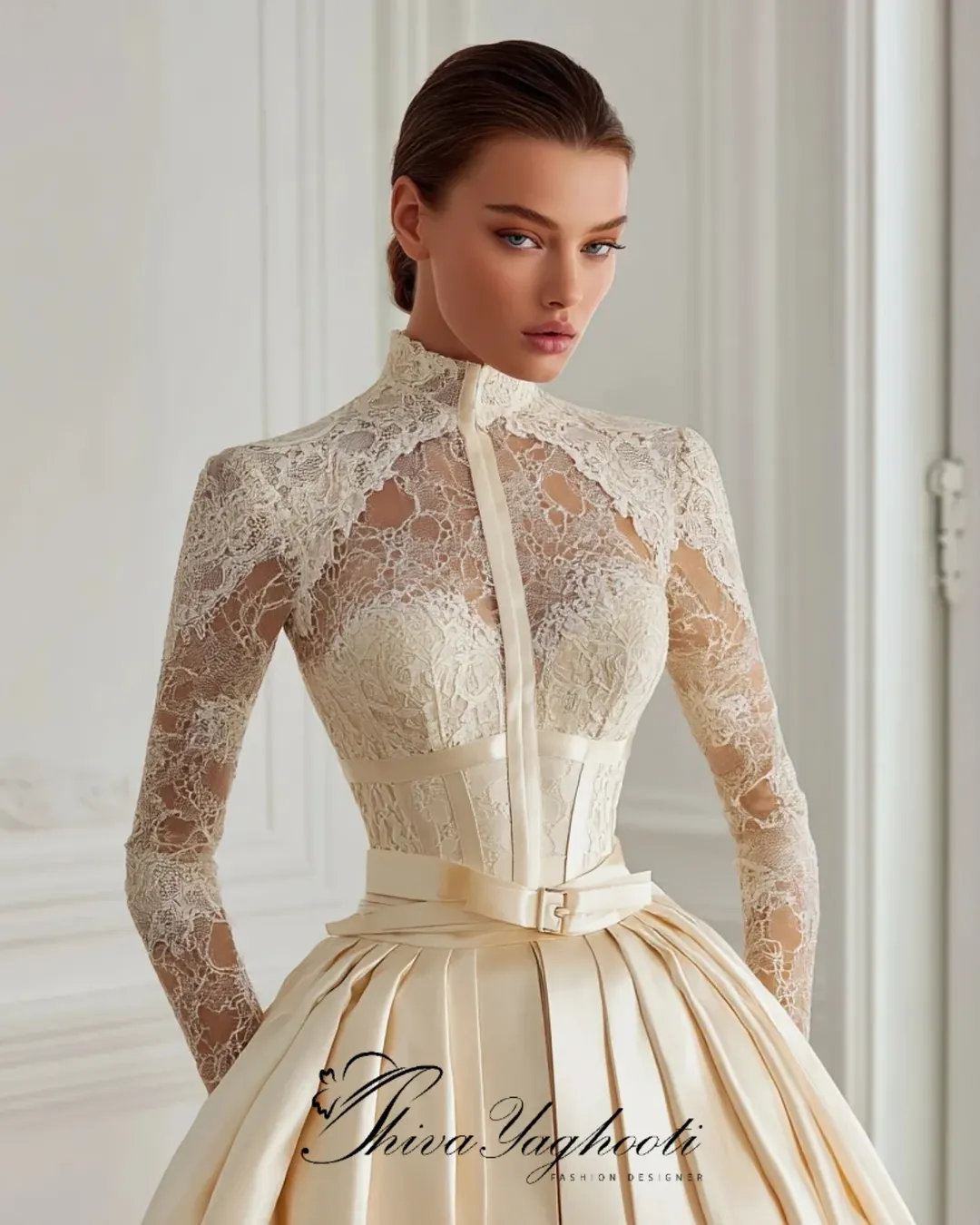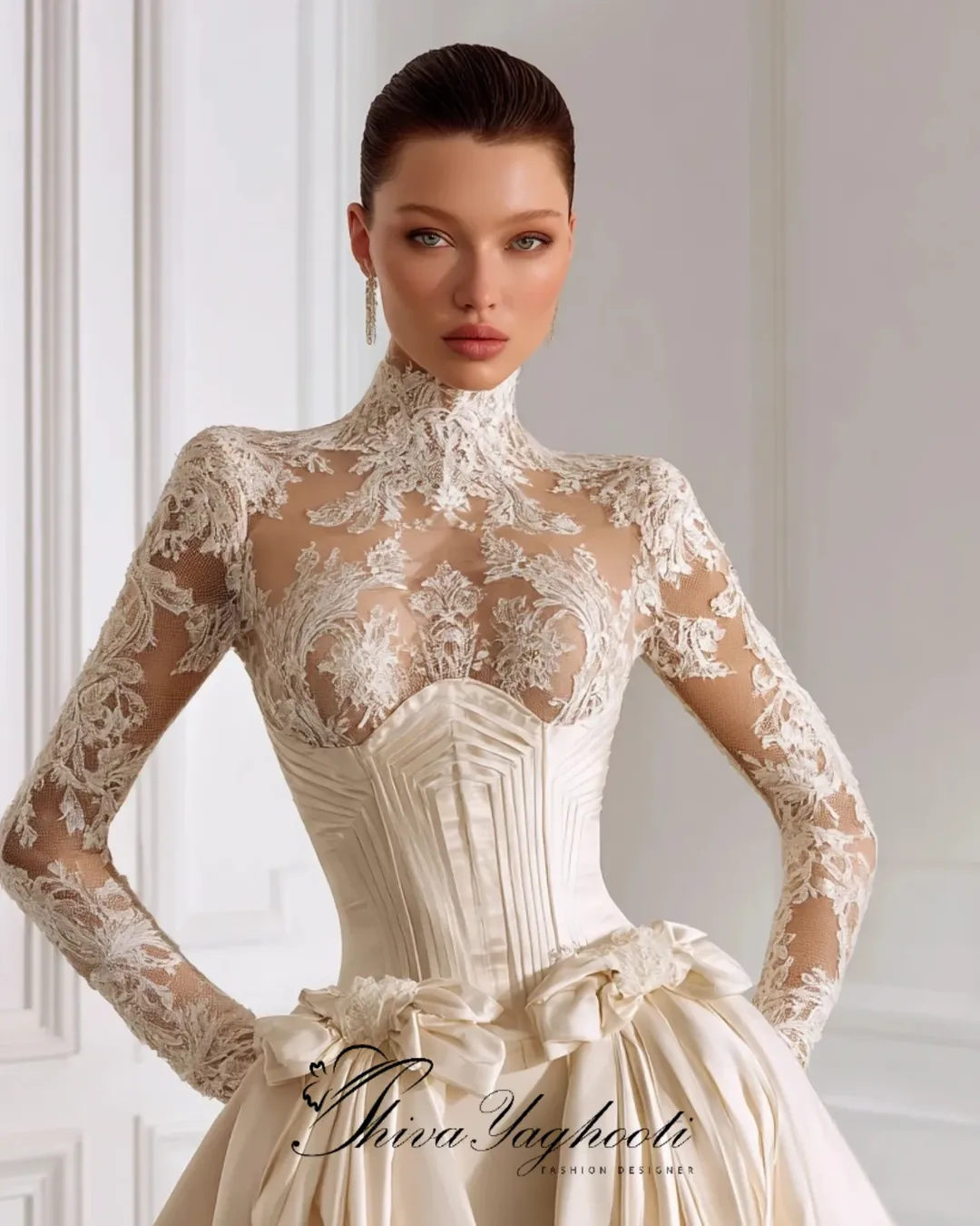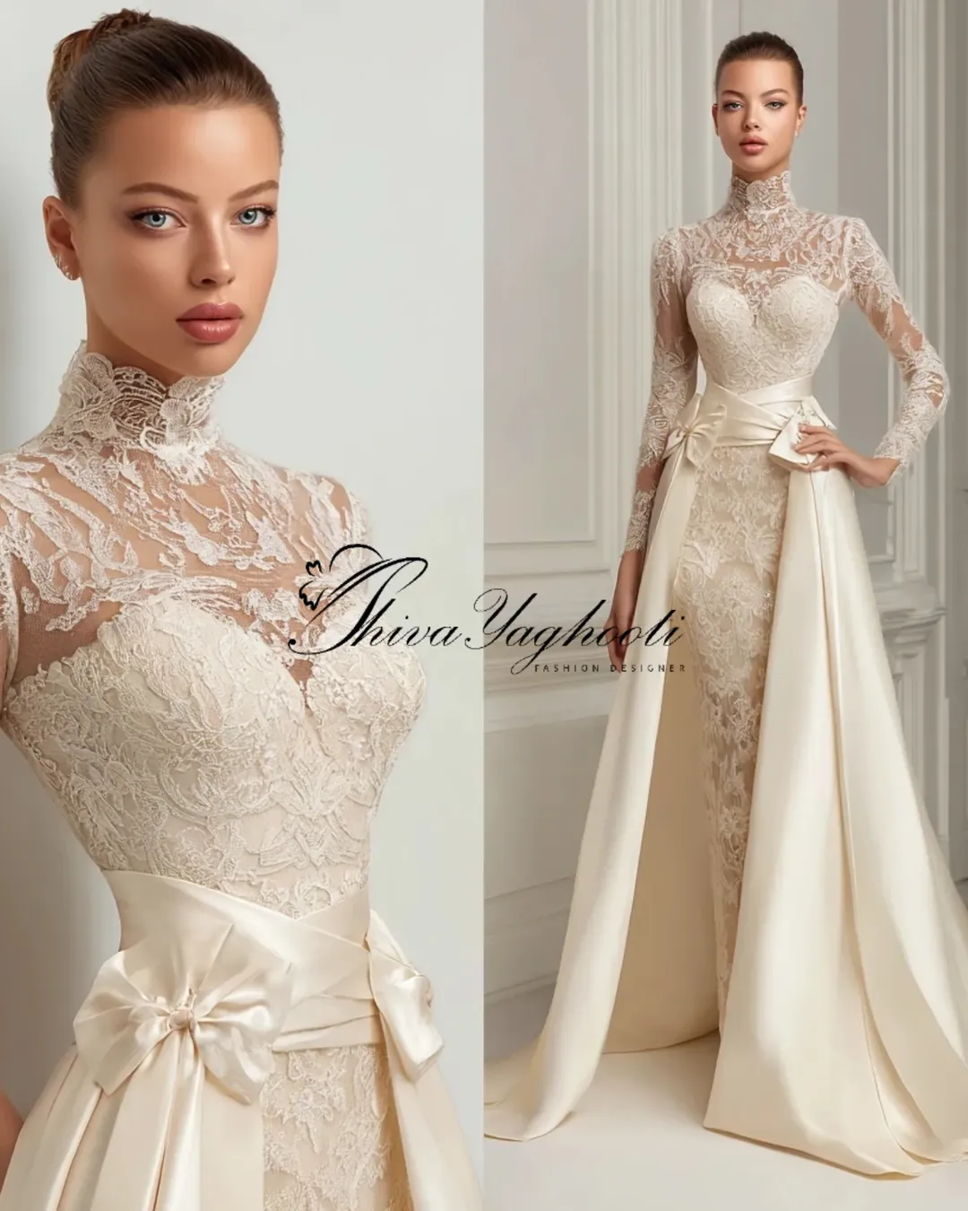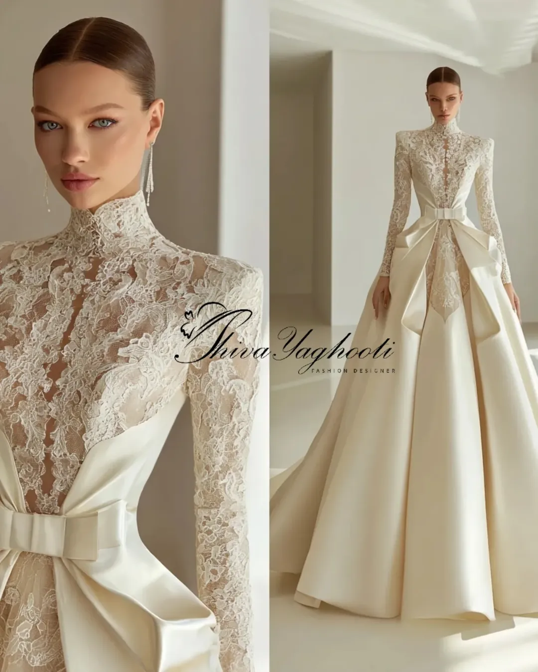 کالکشن عقد فاخر شیوا یاقوتی ترکیبی از یقه بستهی لِیس دستدوز، کرست معماریشده، دامن فاخر با حجم سلطنتی و پاپیونهای کوتور… طراحی شده برای عروسهایی که در شب عقد، مجلل، اصیل و ماندگار میدرخشند. این مدلها نمونه آماده ندارند و فقط بهصورت سفارشی دوخته میشوند.
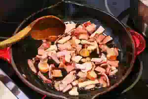 6. В сковороде разогреть растительное масло и частями добавлять мясные продукты, слегка их обжаривая.
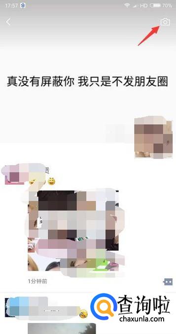 首先我们先打开朋友圈,点击右上角的照相机图标。
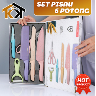Pisau Dapur Set Stainless Knife Anti Lengket Isi 6 Pcs / Peralatan Masak Pisau PREMIUM
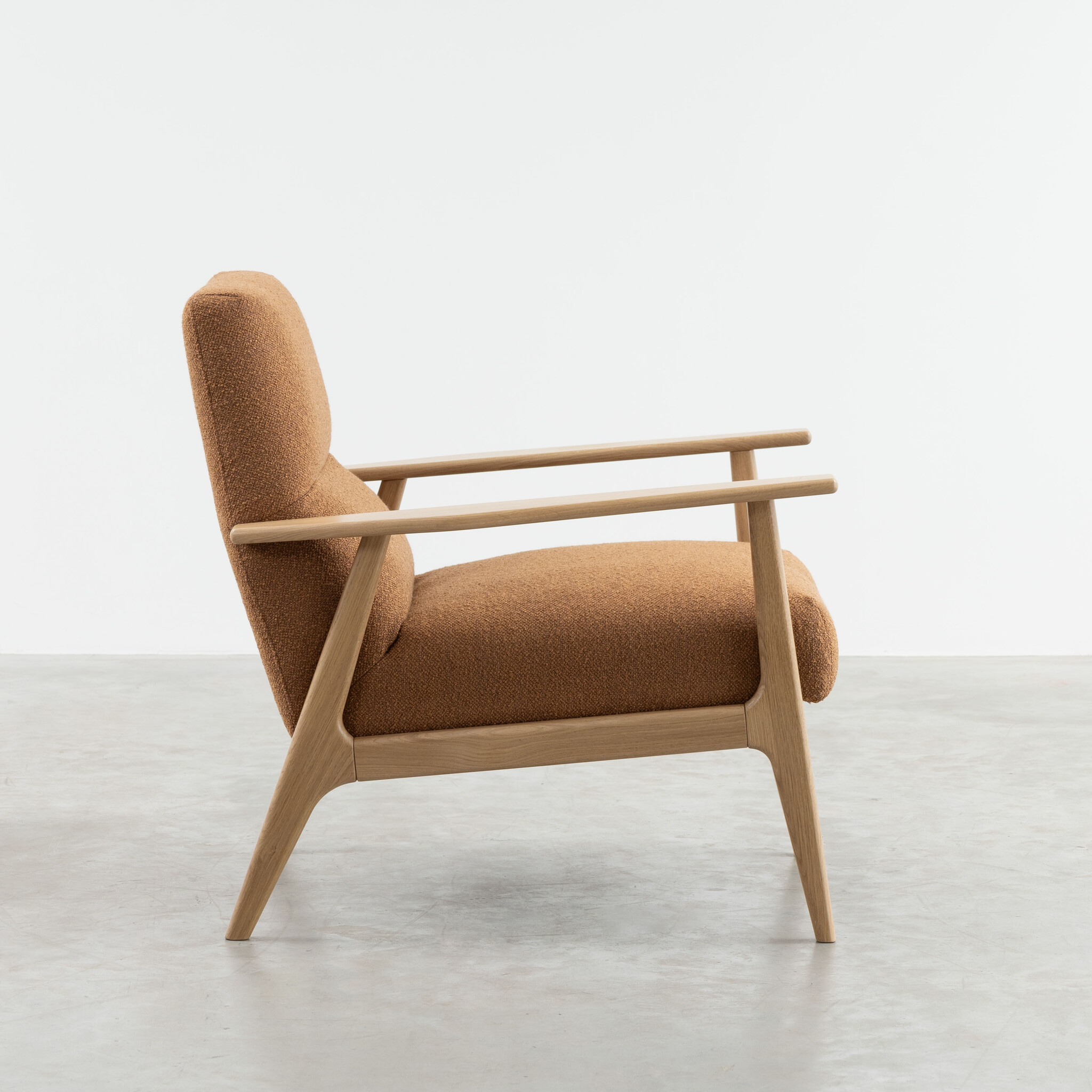 Sav & Økse's Karl lounge chair demonstrates why low armchairs are still relevant in contemporary interiors. A chair like this is a timeless, comfortable, and attractive addition to any living room, whether you live in a large or small space. The backrest of Karl tapers towards the top, beautifully complementing the subtle solid wood frame. This gives Karl an elegant appearance that offers plenty of space for a moment of relaxation.
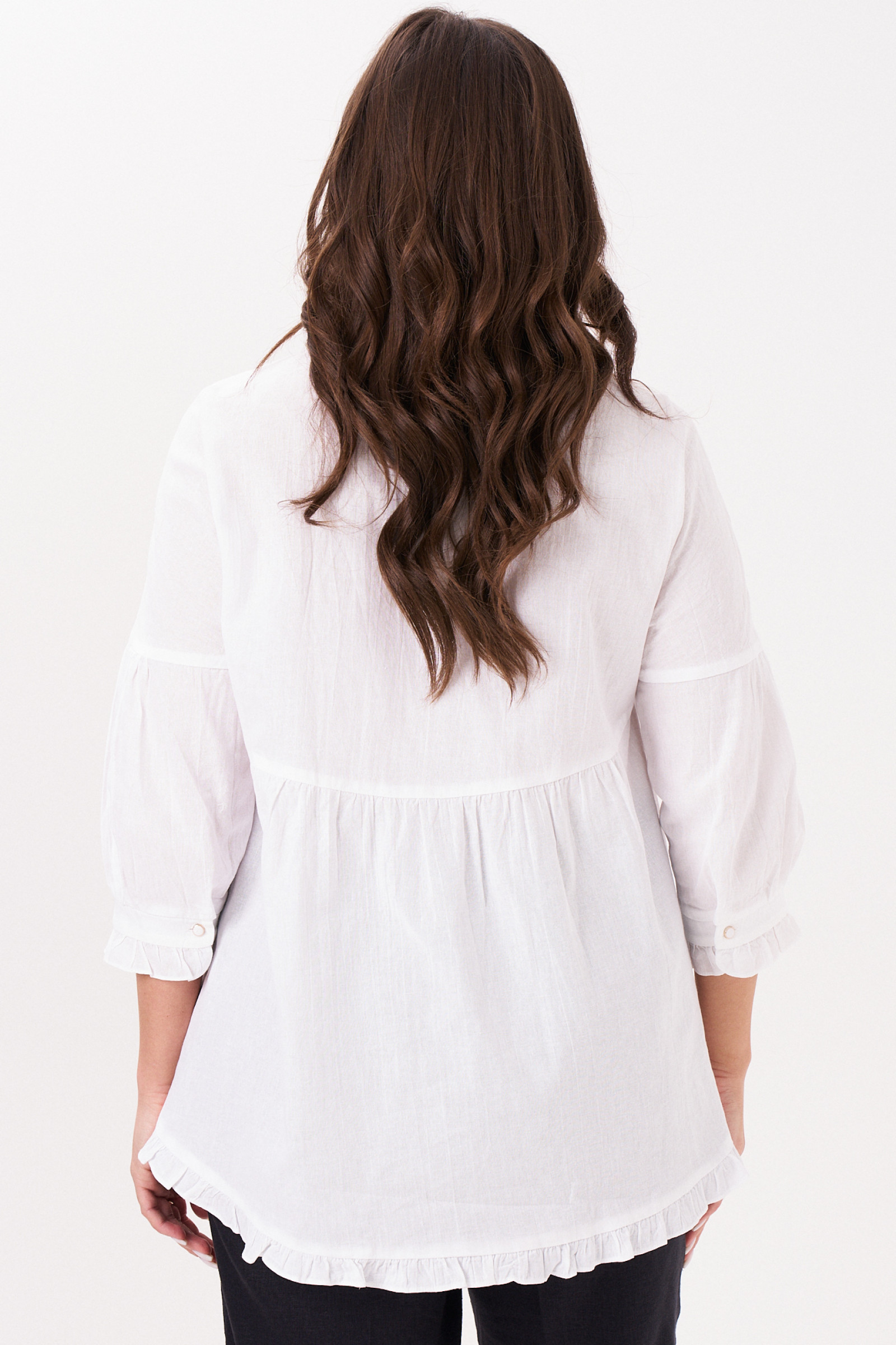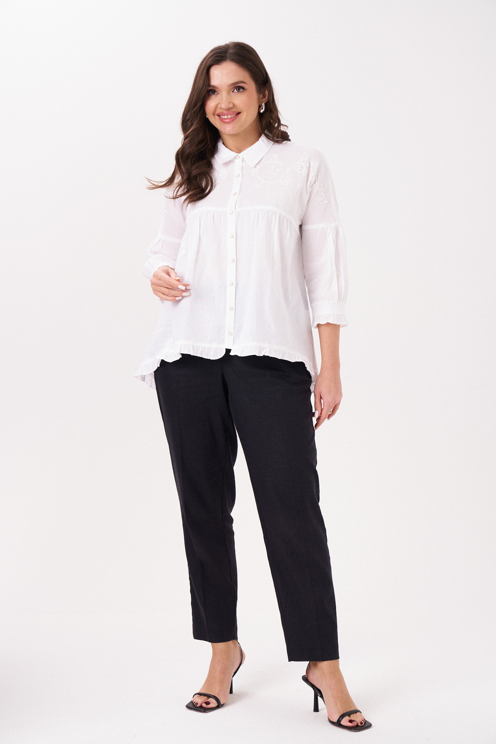 Летняя белая женская блузкас романтичным дизайном разнообразит ваш повседневный гардероб. Декоративные рюши и вышитые витиеватые вензеля придают ей нежный вид. Она удобна в носке благодаря легкой ткани и свободному силуэту.Нарядная женская блузка из "дышащей" бязи изготовлена для жаркой погоды. Она создает элегантный образ, защищая от палящего солнца. Ее расцветка отражает солнечные лучи, позволяя вам комфортно себя чувствовать даже при +40о. Женская блузка оверсайз не облегает тело, пропуская больше воздуха.Благодаря изящному дизайну праздничная женская блузка универсальна в носке. Ее можно надеть на отдых и работу, торжественное мероприятие и вечеринку. Она сочетает в себе строгий рубашечный воротник на стойке и женственные рюши, пришитые к асимметричному низу и притачным манжетам спущенных расширенных рукавов.Хлопковая женская блузказастегивается на планку с пуговицами. Белая блузка - женская классическая одежда, которую можно купить для создания множества стильных образов.
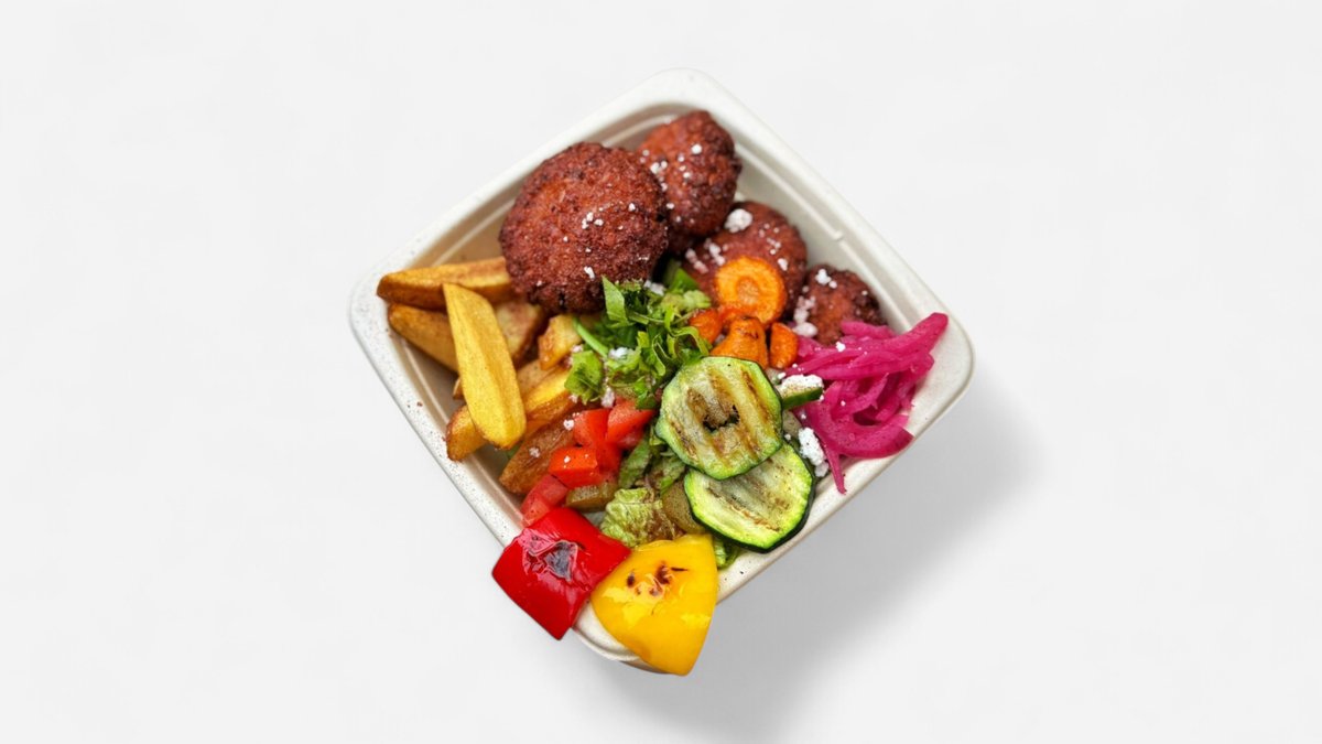 Domácí Falafel, Grilovaná Zelenina, Salát, Rajčata, Nakládaná Cibule, Čerstvé Bylinky, Kyselé Okurky, Feta Sýr, Hranolky Nebo Rýže
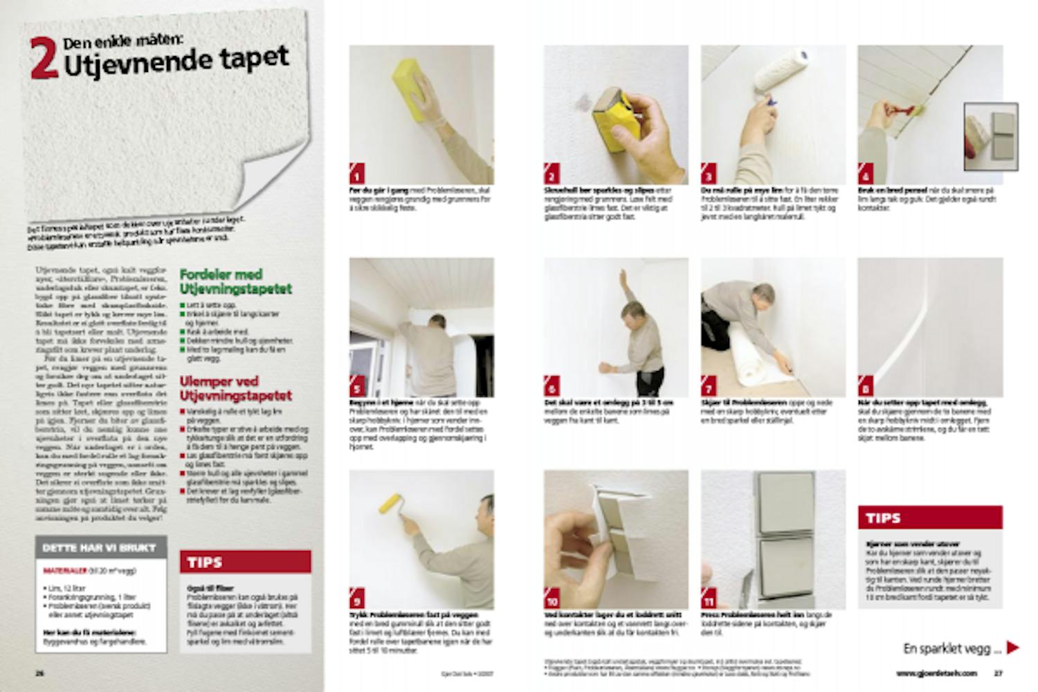 Før du limer på en utjevnende ta-pet, rengjør veggen med grunnrens og forsikre deg om at underlaget sitter godt. Det nye tapetet sitter naturligvis ikke fastere enn overflata det limes på. Tapet eller glassfiberstrie som sitter løst, skjæres opp og limes på igjen. Fjerner du biter av glassfiberstria, vil du nemlig kunne ane ujevnheter i overflata på den nye veggen. Når underlaget er i orden, kan du med fordel rulle et lag forankringsgrunning på veggen, uansett om veggen er sterkt sugende eller ikke. Det sikrer ei overflate som ikke smitter gjennom utjevningstapetet. Grunningen gjør også at limet tørker på samme måte og samtidig over alt. Følg anvisningen på produktet du velger!

■ WHAT YOU SHOULD DO ■
The records above are to be transcribed word for word. Skip the images.

■ RESPONSE BELOW ■
 کالکشن عقد فاخر شیوا یاقوتی ترکیبی از یقه بستهی لِیس دستدوز، کرست معماریشده، دامن فاخر با حجم سلطنتی و پاپیونهای کوتور… طراحی شده برای عروسهایی که در شب عقد، مجلل، اصیل و ماندگار میدرخشند. این مدلها نمونه آماده ندارند و فقط بهصورت سفارشی دوخته میشوند.
 6. В сковороде разогреть растительное масло и частями добавлять мясные продукты, слегка их обжаривая.
 首先我们先打开朋友圈,点击右上角的照相机图标。
Pisau Dapur Set Stainless Knife Anti Lengket Isi 6 Pcs / Peralatan Masak Pisau PREMIUM
 Sav & Økse's Karl lounge chair demonstrates why low armchairs are still relevant in contemporary interiors. A chair like this is a timeless, comfortable, and attractive addition to any living room, whether you live in a large or small space. The backrest of Karl tapers towards the top, beautifully complementing the subtle solid wood frame. This gives Karl an elegant appearance that offers plenty of space for a moment of relaxation.
 Летняя белая женская блузкас романтичным дизайном разнообразит ваш повседневный гардероб. Декоративные рюши и вышитые витиеватые вензеля придают ей нежный вид. Она удобна в носке благодаря легкой ткани и свободному силуэту.Нарядная женская блузка из "дышащей" бязи изготовлена для жаркой погоды. Она создает элегантный образ, защищая от палящего солнца. Ее расцветка отражает солнечные лучи, позволяя вам комфортно себя чувствовать даже при +40о. Женская блузка оверсайз не облегает тело, пропуская больше воздуха.Благодаря изящному дизайну праздничная женская блузка универсальна в носке. Ее можно надеть на отдых и работу, торжественное мероприятие и вечеринку. Она сочетает в себе строгий рубашечный воротник на стойке и женственные рюши, пришитые к асимметричному низу и притачным манжетам спущенных расширенных рукавов.Хлопковая женская блузказастегивается на планку с пуговицами. Белая блузка - женская классическая одежда, которую можно купить для создания множества стильных образов.
 Domácí Falafel, Grilovaná Zelenina, Salát, Rajčata, Nakládaná Cibule, Čerstvé Bylinky, Kyselé Okurky, Feta Sýr, Hranolky Nebo Rýže
 Før du limer på en utjevnende ta-pet, rengjør veggen med grunnrens og forsikre deg om at underlaget sitter godt. Det nye tapetet sitter naturligvis ikke fastere enn overflata det limes på. Tapet eller glassfiberstrie som sitter løst, skjæres opp og limes på igjen. Fjerner du biter av glassfiberstria, vil du nemlig kunne ane ujevnheter i overflata på den nye veggen. Når underlaget er i orden, kan du med fordel rulle et lag forankringsgrunning på veggen, uansett om veggen er sterkt sugende eller ikke. Det sikrer ei overflate som ikke smitter gjennom utjevningstapetet. Grunningen gjør også at limet tørker på samme måte og samtidig over alt. Følg anvisningen på produktet du velger!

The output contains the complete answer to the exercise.